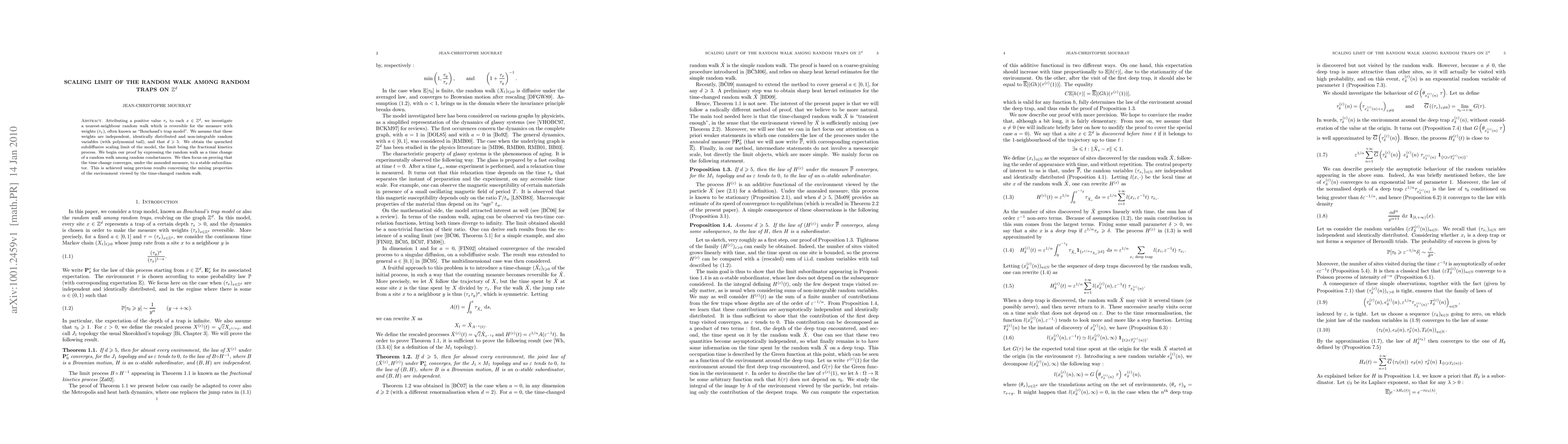 Researchers investigate a random walk among random traps on d-dimensional space, finding that it converges to fractional kinetics process under certain conditions. They achieve this through a time-change method, leveraging previous results on the mixing properties of the environment.
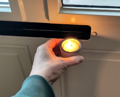 Tocht kan op allerlei plekken in huis ontstaan. De ramen en deuren zijn vaak de grootste boosdoeners, maar ook kieren bij vloeren, plinten en ventilatieopeningen kunnen zorgen voor ongewenste koude luchtstromen. Loop eens een rondje door je huis om deze plekken op te sporen. Een eenvoudige manier om te checken waar het tocht, is door een brandende kaars of aansteker langs de naden van ramen en deuren te houden; wiebelt de vlam, dan is er luchtlek.
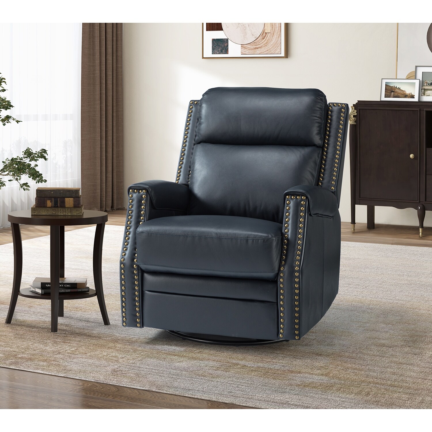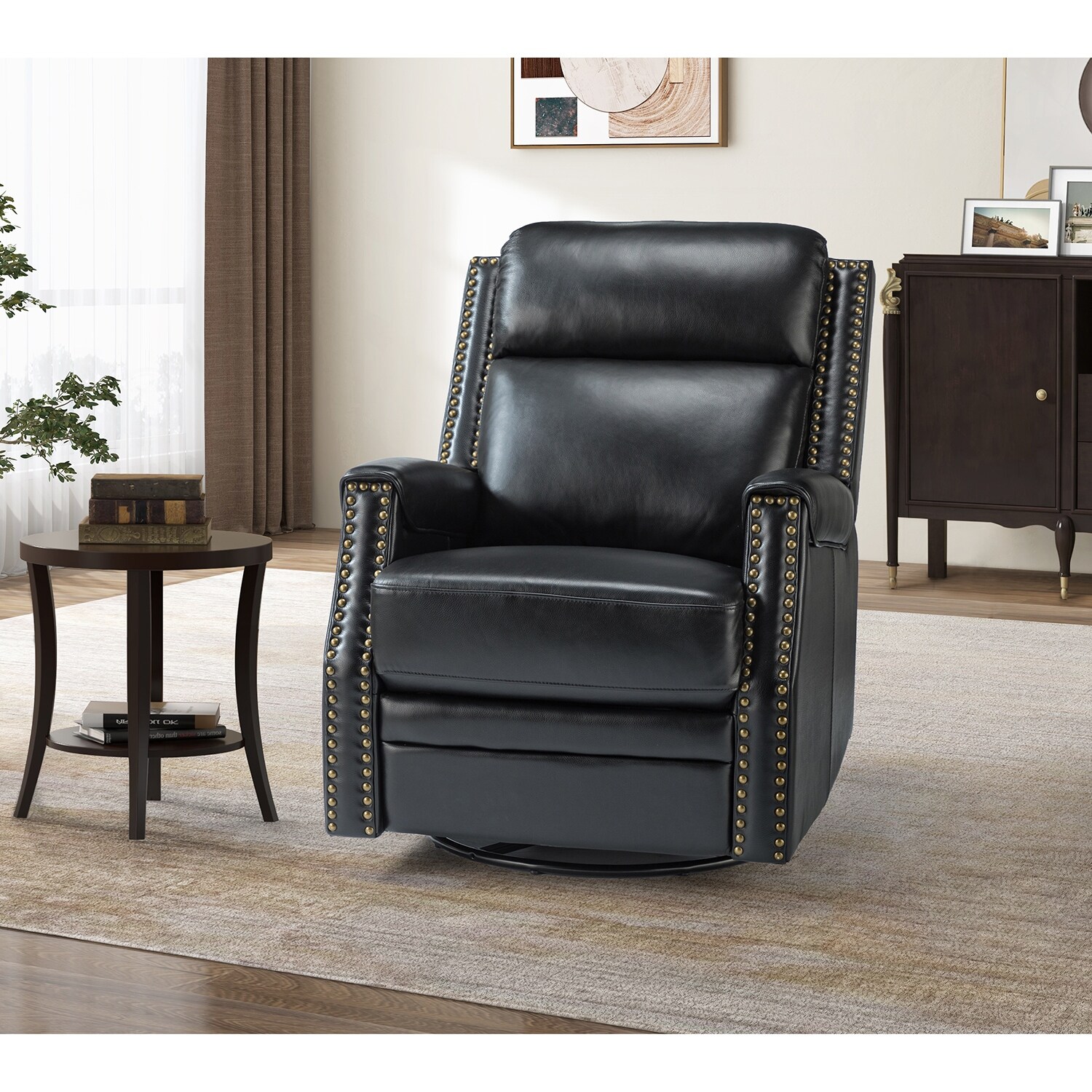Renato Traditional Genuine Leather Nailhead Power Swivel Recliner with Metal Base by HULALA HOME
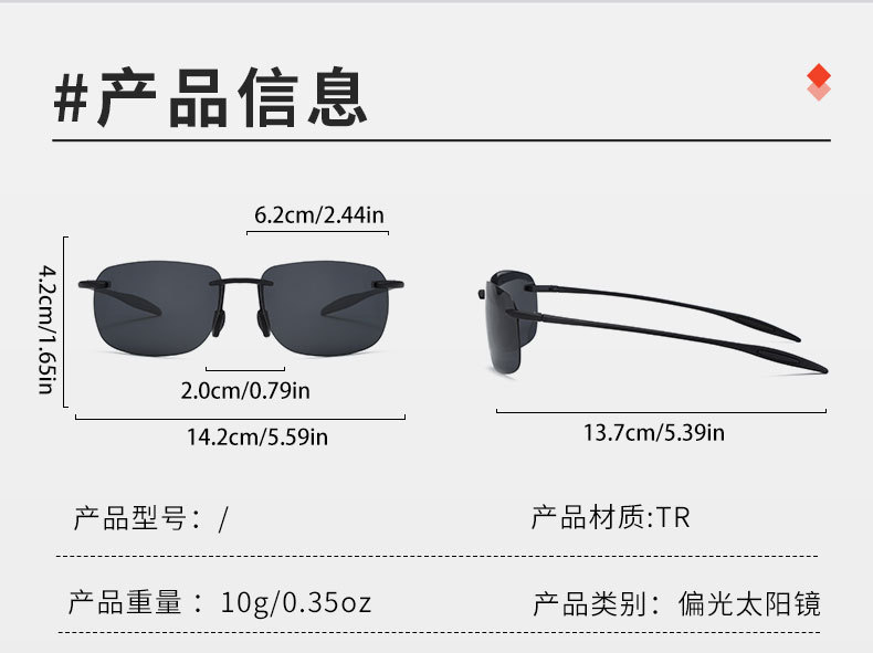 TR 프레임리스 편광 선글라스 남성 국경 아마존 경량 UV 보호 TAC 스벤 선글라스
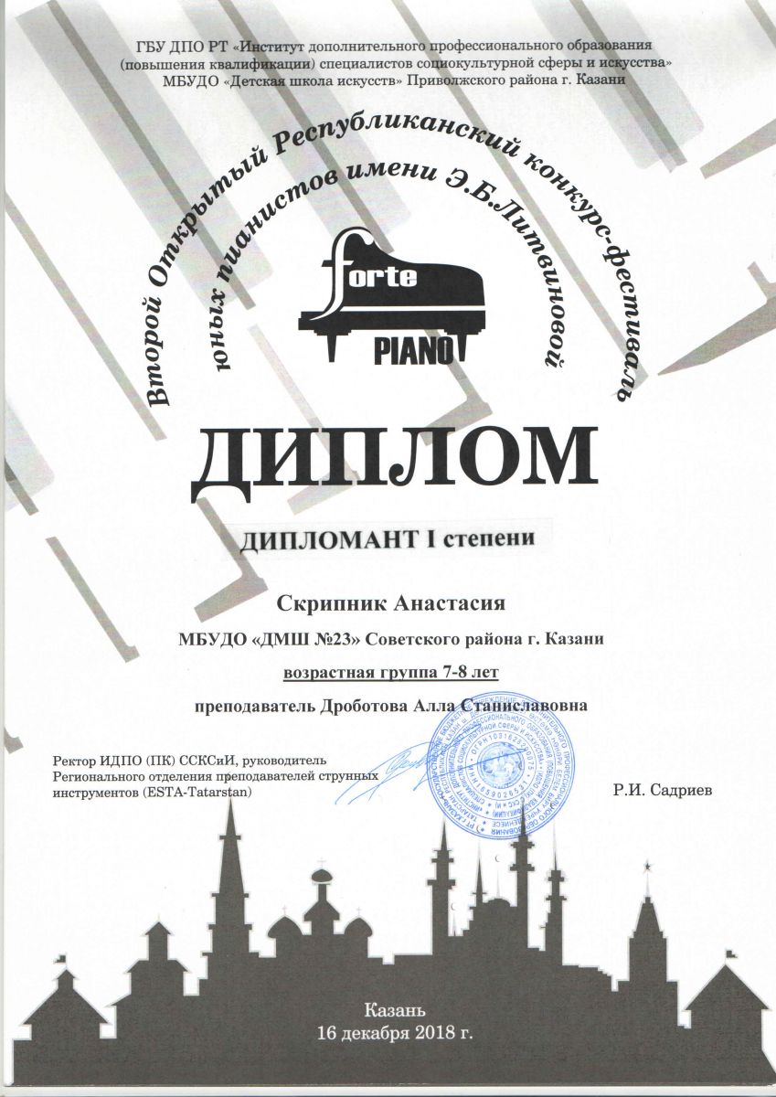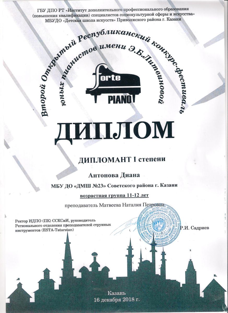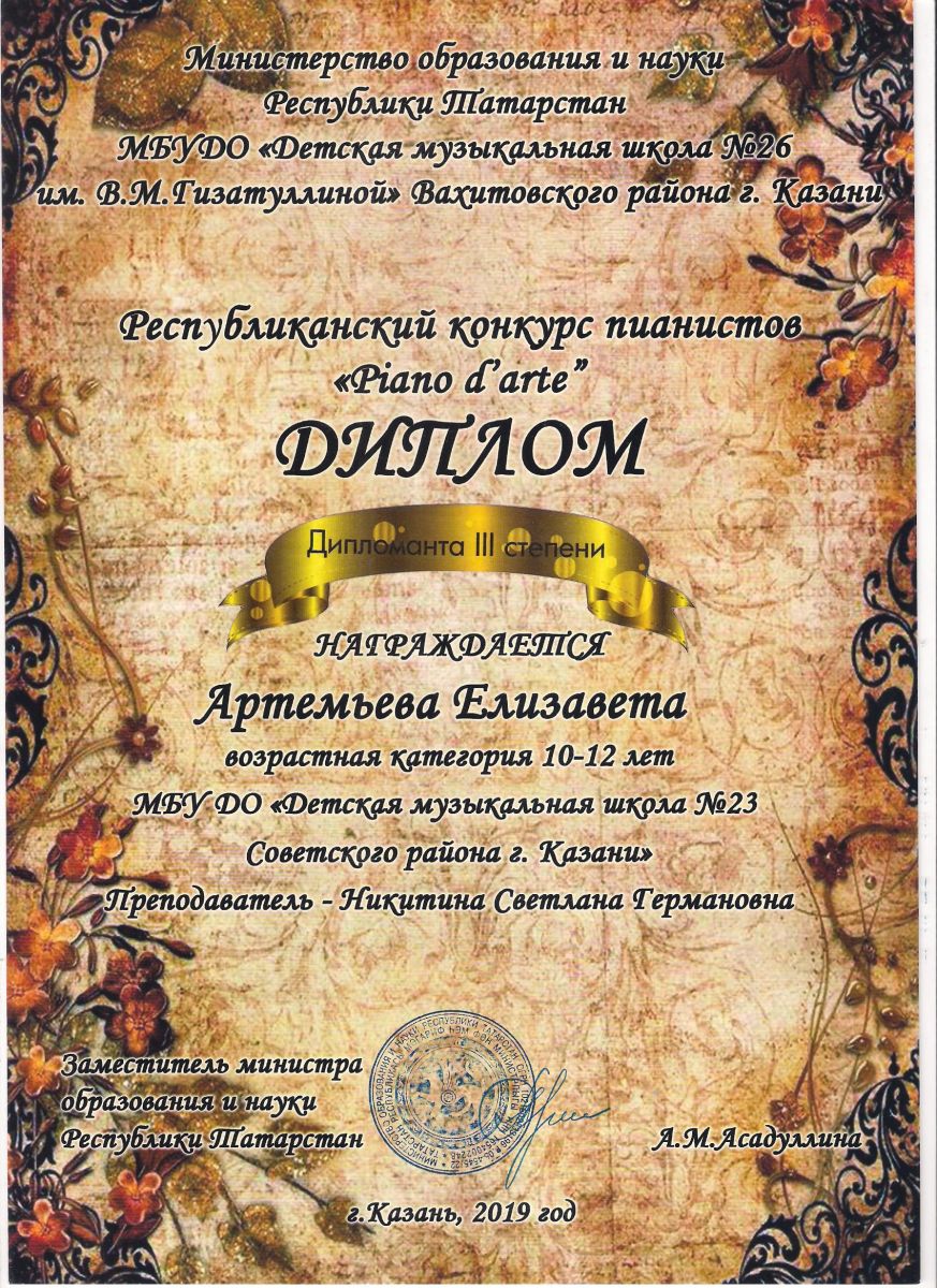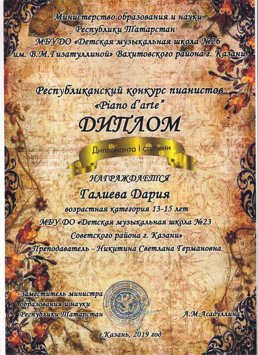 Республиканский конкурс пианистов "Piano d'arte" - Диплом дипломанта I степени - Галиева Дария
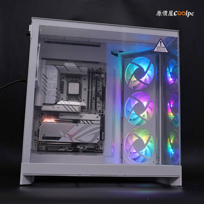 機殼正面前半部是鋼化玻璃,後半段則是斜面網孔進風設計,增加機殼空氣對流。
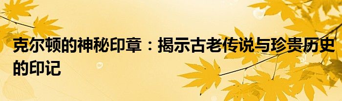 克尔顿的神秘印章:揭示古老传说与珍贵历史的印记
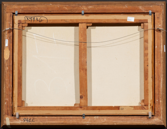 Auf dem Keilrahmen Etikett mit Zollvermerk.
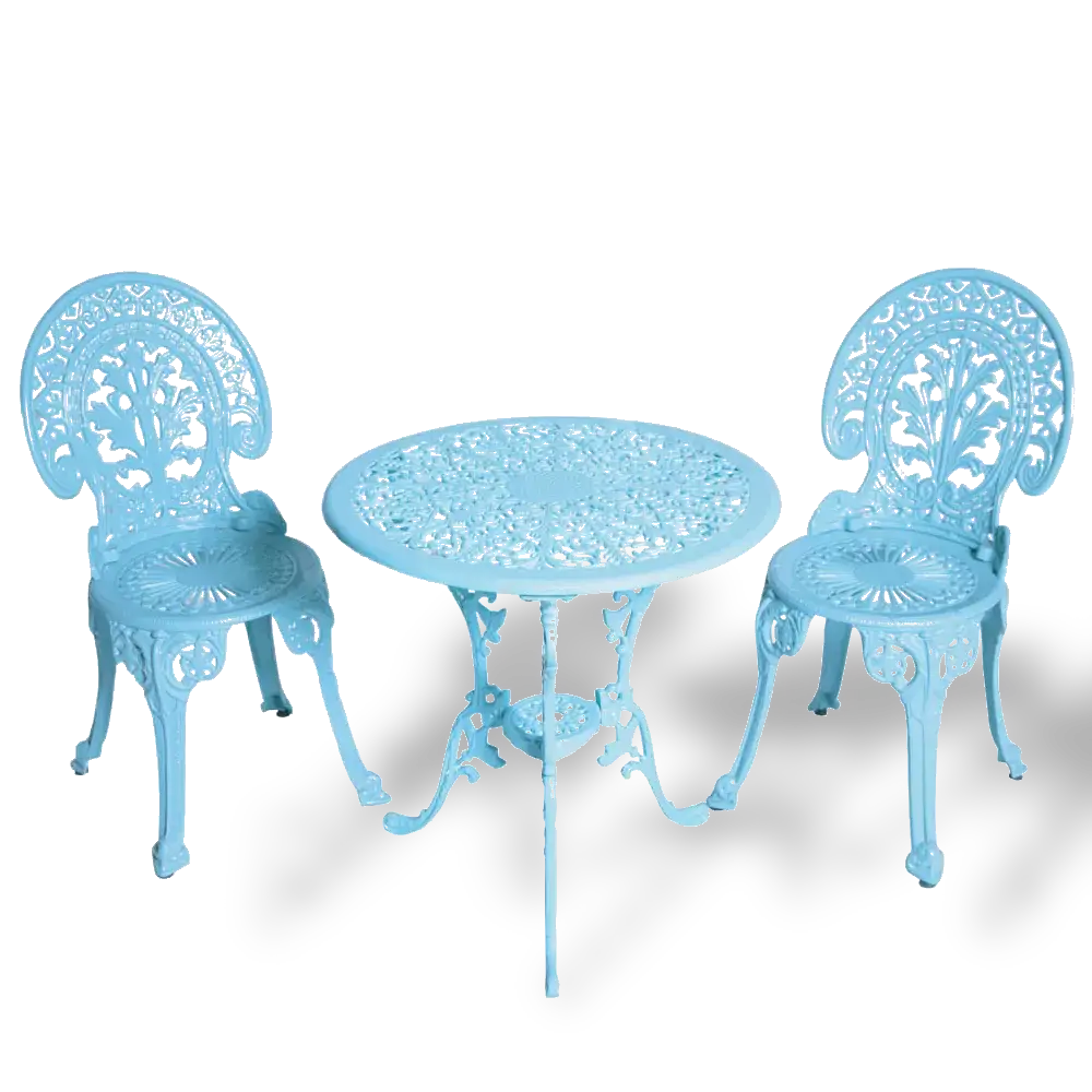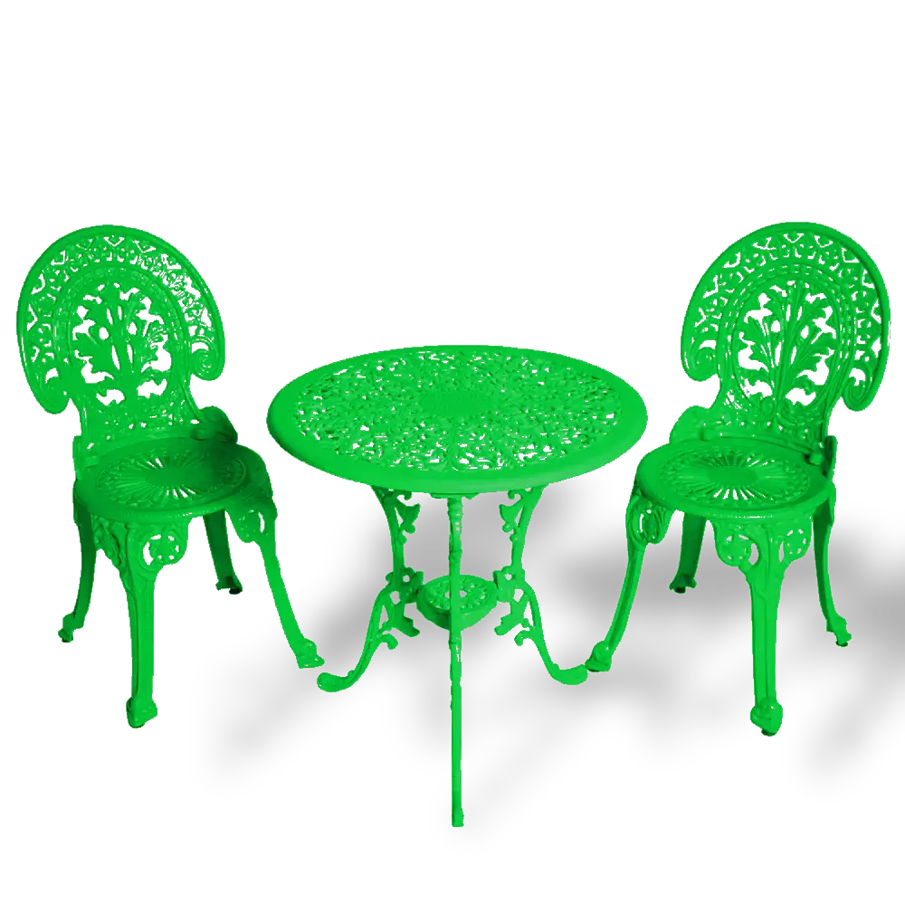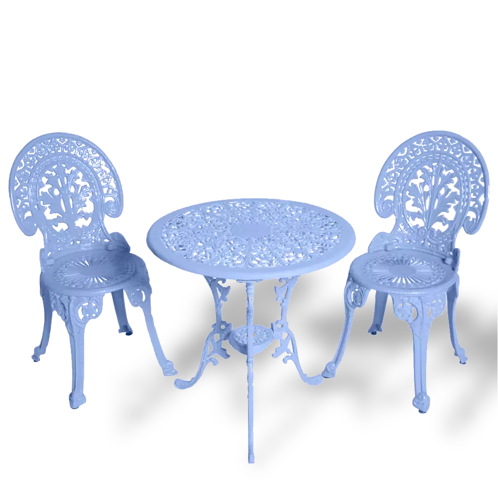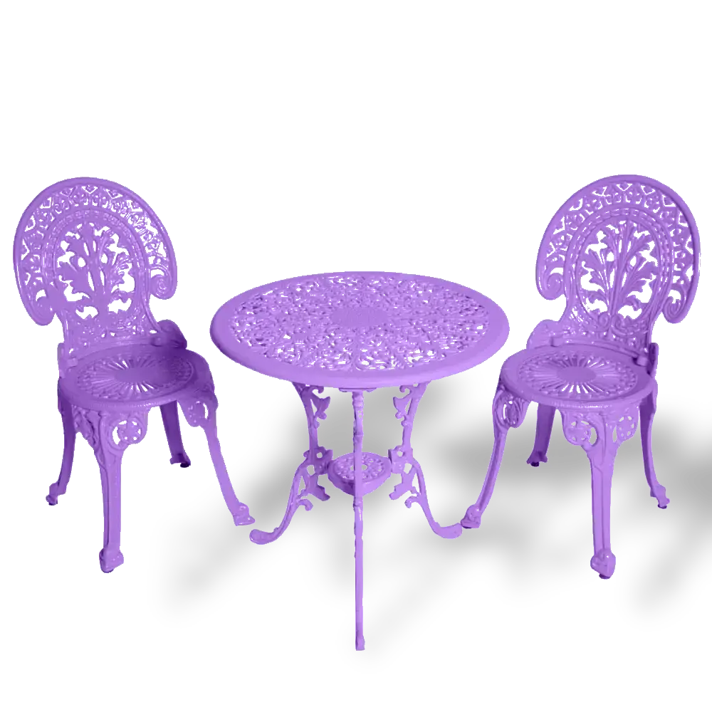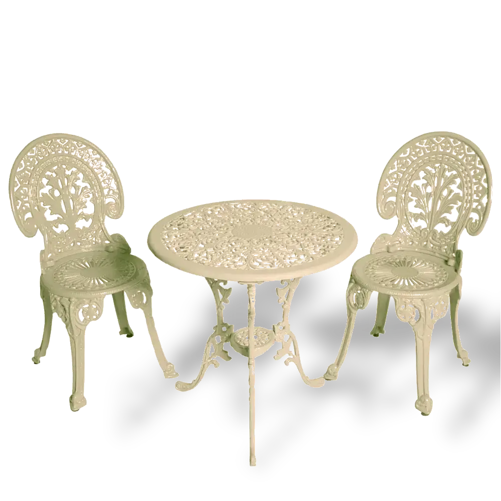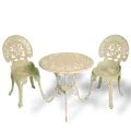 KSG TK - 16 Vintage Viktoriya modeli tomonidan siz 2 ta mot oq alyuminiy quyma qo'lsiz bog ' stullari va 64 sm diametrli dumaloq alyuminiy quyma stoldan foydalanishingiz mumkin, agar xohlasangiz yoki bog'ingizda balkonda o'rnatilgan. Turli xil ranglarda jilolanishi mumkin, chunki mat va porloq stullar va stollar bardoshli elektrostatik bo'yoq bilan bo'yalgan.
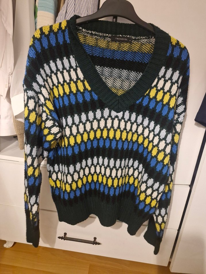 V yaka, uzun kollu, bol kesim kadın kazak. Çok renkli desenli örme kumaştan, bohem tarzına uygun rahat bir parça.

* **EXERCISE OBJECTIVE**
The records above should be reproduced exactly, with no pictures included.

* **SOLUTION FOR THIS PROBLEM**
 Researchers investigate a random walk among random traps on d-dimensional space, finding that it converges to fractional kinetics process under certain conditions. They achieve this through a time-change method, leveraging previous results on the mixing properties of the environment.
 Tocht kan op allerlei plekken in huis ontstaan. De ramen en deuren zijn vaak de grootste boosdoeners, maar ook kieren bij vloeren, plinten en ventilatieopeningen kunnen zorgen voor ongewenste koude luchtstromen. Loop eens een rondje door je huis om deze plekken op te sporen. Een eenvoudige manier om te checken waar het tocht, is door een brandende kaars of aansteker langs de naden van ramen en deuren te houden; wiebelt de vlam, dan is er luchtlek.
Renato Traditional Genuine Leather Nailhead Power Swivel Recliner with Metal Base by HULALA HOME
 TR 프레임리스 편광 선글라스 남성 국경 아마존 경량 UV 보호 TAC 스벤 선글라스
 Республиканский конкурс пианистов "Piano d'arte" - Диплом дипломанта I степени - Галиева Дария
 機殼正面前半部是鋼化玻璃,後半段則是斜面網孔進風設計,增加機殼空氣對流。
 克尔顿的神秘印章:揭示古老传说与珍贵历史的印记
 Auf dem Keilrahmen Etikett mit Zollvermerk.
 KSG TK - 16 Vintage Viktoriya modeli tomonidan siz 2 ta mot oq alyuminiy quyma qo'lsiz bog ' stullari va 64 sm diametrli dumaloq alyuminiy quyma stoldan foydalanishingiz mumkin, agar xohlasangiz yoki bog'ingizda balkonda o'rnatilgan. Turli xil ranglarda jilolanishi mumkin, chunki mat va porloq stullar va stollar bardoshli elektrostatik bo'yoq bilan bo'yalgan.
 V yaka, uzun kollu, bol kesim kadın kazak. Çok renkli desenli örme kumaştan, bohem tarzına uygun rahat bir parça.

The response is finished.